[Guest post by Amitabh Robin Singh, who is a corporate lawyer practising in Mumbai]
Liability of directors is a sensitive topic in India, particularly for foreign investors who propose to nominate directors to the boards of their Indian investee companies. That is why clauses are inserted in shareholders’ agreements to the effect that the investor’s nominee director will not be identified (to the extent permitted by applicable law) as an “officer who is in default” or “employer” or “occupier” for the purposes of various laws. Also, shareholders’ agreements often record that the promoter/founder of the company will be in charge of the day-to-day affairs of the investee company.

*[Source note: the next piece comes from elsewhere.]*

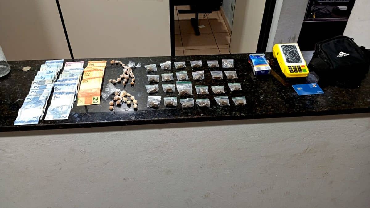 Durante a revista pessoal, os agentes encontraram uma máquina de cartão, cartões de banco, 24 porções de substância semelhante à maconha, 36 porções semelhantes ao crack e R$ 116 em dinheiro.

Further, directors are often advised to record their objections or reservations to any action by the company which they are against, for the purpose of insulating themselves from any punitive action that may be initiated by regulatory authorities for alleged non-compliances. This thought may stem inter alia from the definition of “officer who is in default” in the Companies Act, 2013, which has a clause as follows: “every director, in respect of a contravention of any of the provisions of this Act, who is aware of such contravention by virtue of the receipt by him of any proceedings of the Board or participation in such proceedings without objecting to the same, or where such contravention had taken place with his consent or connivance”.
An apt case broaching this particular point was recently decided by a whole time member of the Securities and Exchange Board of India ("SEBI") in the matter relating to Zylog Systems Limited ("Zylog").

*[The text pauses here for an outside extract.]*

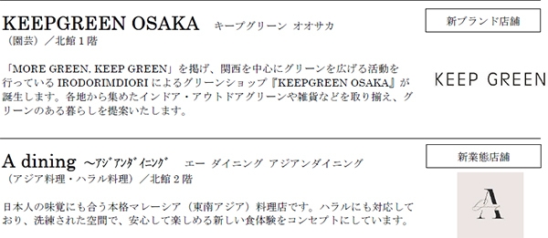 グラングリーン大阪 ショップ&レストラン 施設概要

Zylog had declared dividend on its shares, which was approved at its annual general meeting held on September 25, 2012. In relation to this declaration, Zylog failed to deposit the amount of the dividend in a separate account within five days of its declaration, as mandated by section 205(1A) of the Companies Act, 1956 (with section 123(4) of the Companies Act, 2013 prescribing a similar requirement). Further, Zylog did not disburse the dividend within 30 days of declaration in contravention of section 207 of the Companies Act (that corresponds with section 127 of the Companies Act, 2013).
A violation of section 205 of the Companies Act, 1956 will result in the company and every officer of the company who is in default being punished with a fine for every day during which the failure continues. Separately, contravening section 207 of the Companies Act, 1956 attracts a punishment of imprisonment of up to three years and fine for every director of the company who is knowingly a party to the default, and the company will be liable to pay interest on the amount.
SEBI had issued show cause notices to all the individuals who were directors of the Zylog on the date of declaration of dividend. Two independent directors of Zylog, Mr. S. Rajagopal and Mr. V.K. Ramani responded to the show cause notices stating that they were not associated with the day to day operations of Zylog, and that the default occurred without their knowledge and consent. Mr. Rajagopal stated that he was unaware of the default until it was brought to his notice by a certificate furnished by the company secretary and managing director. Mr. Rajagopal, who was also the chairperson of Zylog's audit committee, submitted minutes of the audit committee dated November 14, 2012 in his defence, which recorded that the audit committee looks seriously upon such defaults and the matter needs to be brought up before Zylog's board with a direction to make all statutory payments.
Mr. Ramani contended that he came to know of the default at the board meeting dated November 14, 2012. Both Mr. Rajagopal and Mr. Ramani placed reliance on the minutes of this board meeting, where it was recorded that defaults had been committed and Mr. Rajagopal desired that steps be taken to remedy such defaults. Also, observations were made regarding the non-payment of certain dues (apart from the unpaid dividend) such as provident fund contribution.
Based on the above minutes, both Mr. Rajagopal and Mr. Ramani contended that they acted promptly and diligently. Also, both resigned from the board of directors within two months of the abovementioned board meeting.
SEBI’s whole-time member noted that independent directors have a very important role to play in both protecting the minority shareholders and guiding the management of companies. Further, it was observed that independent directors also should ensure that the company operates in compliance with applicable laws. With respect to the matter of Zylog, he went on to say that Mr. Rajagopal and Mr. Ramani took strong stands to convince the board to comply with its statutory obligations and, with Zylog failing to do so, they resigned from the board of the directors.
Seeing that Mr. Rajagopal and Mr. Ramani were not in charge of the day to day operations of Zylog, and discharged their duties as independent directors by using their best efforts, it was held that there was no need for action against them.
From this case, it may be noted that for directors to protect themselves from punitive action for acts of the company, they should inter alia always ensure that the objections raised by them are duly recorded in the minutes. To accomplish this, the directors should exercise their right to comment on the draft minutes which have been circulated to them. Further, caution should be exercised to ensure that the directors provide their comments on the draft minutes within the stipulated period of within seven days of circulation. This is because if the comments are given subsequent to such period, their consideration will be at the discretion of the chairman of the board. If the directors fail to provide any comments on the draft minutes, then they are deemed to be approved by such directors. Hence, directors, whether nominees, independent, or otherwise, should be very vigilant in order to limit their individual exposure to regulatory action.